As a prelude to the biblical story of Abraham beginning his journey away from his father’s world of idolatry, the oral tradition tells that Abraham was minding his father’s idol shop when he took a stick and shattered the merchandise to bits. He left only the largest idol untouched, placing the stick in its hand. When his father returned, his shock at seeing the scene of devastation grew into fury as he demanded an explanation from his son. Abraham explained how the largest idol had broken all the other idols.

Use your smartphone lens as a tool to shatter the popular conceptual idol in the sky called “God” by focusing on Hamakom.   Focus your lens on whatever place you find yourself.

SPIRITUAL DIMENSIONS OF EVERYDAY LIFE

You can discover unprecedented creative opportunities for linking biblical texts with the spiritual in your everyday life through digital photography, a narrative blog form, and the Internet’s social media.

The Torah Tweets blog begins with a series of quotations from the Bible, contemporary thinkers, and popular literature that establish down-to-earth spiritually as the major theme of Judaism.  Weaving through Bible Blog your Life, you will find this theme inviting you to discover spirituality as it flows down into your life. 

"For the Lord thy God walketh in the midst of thy camp." (Deuteronomy 23:15)

"Judaism does not direct its gaze upward but downward ... does not aspire to a heavenly transcendence, nor does it seek to soar upon the wings of some abstract, mysterious spirituality.
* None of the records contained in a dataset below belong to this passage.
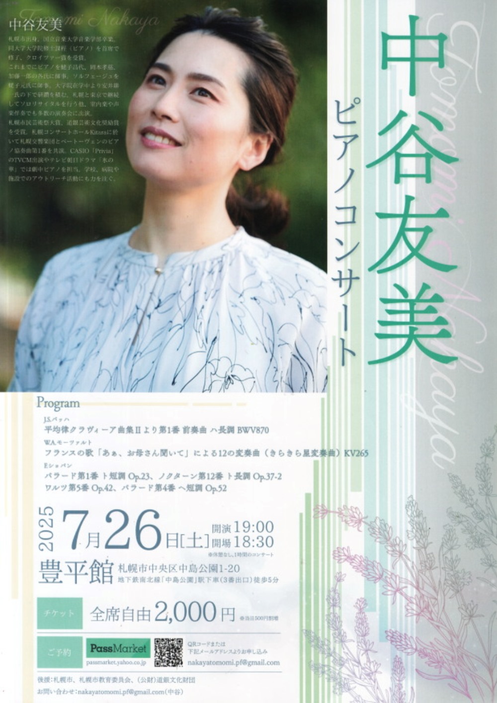 ピアノコンサート 7月26日(土)19:00 札幌市豊平館(札幌市中央区中島公園1-20) 出演 ピアノ/中谷 友美 曲目 J.S.バッハ/平均律クラヴィーア曲集Ⅱより第1番前奏曲ハ長調BWV870 W.A.モーツァルト/フランスの歌「あぁ、お母さんに聞いて」による12の変奏曲(きらきら星変奏曲KV265 F.ショパン/バラード第1番ト短調Op.23 F.ショパン/ノクターン第12番ト長調Op.37-2 F.ショパン/ワルツ第5番Op.42 F.ショパン/バラード第4番ヘ短調Op.52 |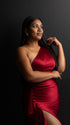 Momnfancy Oblique Shoulder Side Slit Maternity Maxi Dresses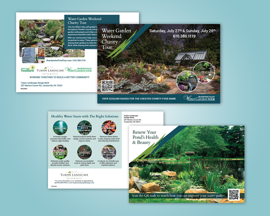 Projects include a marketing folder with stepped inserts, business cards, flyers, and direct mail. My role included layout, photo-retouching, illustration, and preparing final files.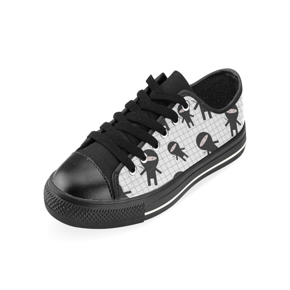 Ninja pattern plaid background Men's Low Top Canvas Shoes Black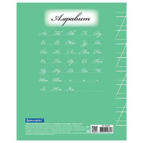Тетрадь 12 л. BRAUBERG ЭКО "5-КА", косая линия, обложка картон 170 г/м2, ЗЕЛЕНАЯ, 104762

It fixes its gaze upon concrete, empirical reality permeating every nook and cranny of life. The marketplace, the factory, the street, the house, the mall, the banquet hall, all constitute the backdrop of religious life." (R. Joseph B. Soloveitchik)

"It is not enough for the Jew to rest content with his own spiritual ascent, the elevation of his soul in closeness to G-d, he must strive to draw spirituality down into the world and into every part of it – the world of his work and his social life – until not only do they not distract him from his pursuit of G-d, but they become a full part of it." (R. Menachem M. Schneerson)

"The first message that Moses chose to teach the Jewish people as they were about to enter the Land of Israel was to fuse heaven to earth, to enable the mundane to rise up and touch the Divine, the spiritual to vitalize the physical, not only as individuals but as an entire nation." (R. Abraham Y. Kook)

"If there is a religious agency in our lives, it has to appear in the manner of our times. Not from on high, but a revelation that hides itself in our culture, it will be ground-level, on the street, it'll be coming down the avenue in the traffic, hard to tell apart from anything else." (E. L. Doctorow)

PHOTOGRAPH THE SPECTRUM OF DIVINE LIGHT

This book teaches you how to make an invisible God become visible through your creative lens.  It draws on the ancient wisdom of kabbalah to help you recognize that you have been looking at God all the time and often missed the action.  It helps you develop conceptual and practical tools for photographing God as divine light reflected from every facet of your life.

Just as a prism breaks up white light into the colors of the spectrum, kabbalah reveals a spectrum of divine light based upon the biblical passage:

“Yours God are the compassion, the strength, the beauty, the success, the splendor, and the [foundation] of everything in heaven and on earth” (Chronicles 1:29).  

Learn that photographing God is to creatively photograph these six divine attributes revealed to you in all aspects of your life.  Focus your lens on acts of compassion, strength, beauty, success, and splendor that you encounter every day and everywhere.  Shift your focus to see ordinary events as being extraordinary, incredible, and amazing.  Take nothing for granted.  To be spiritual is to be continuously amazed.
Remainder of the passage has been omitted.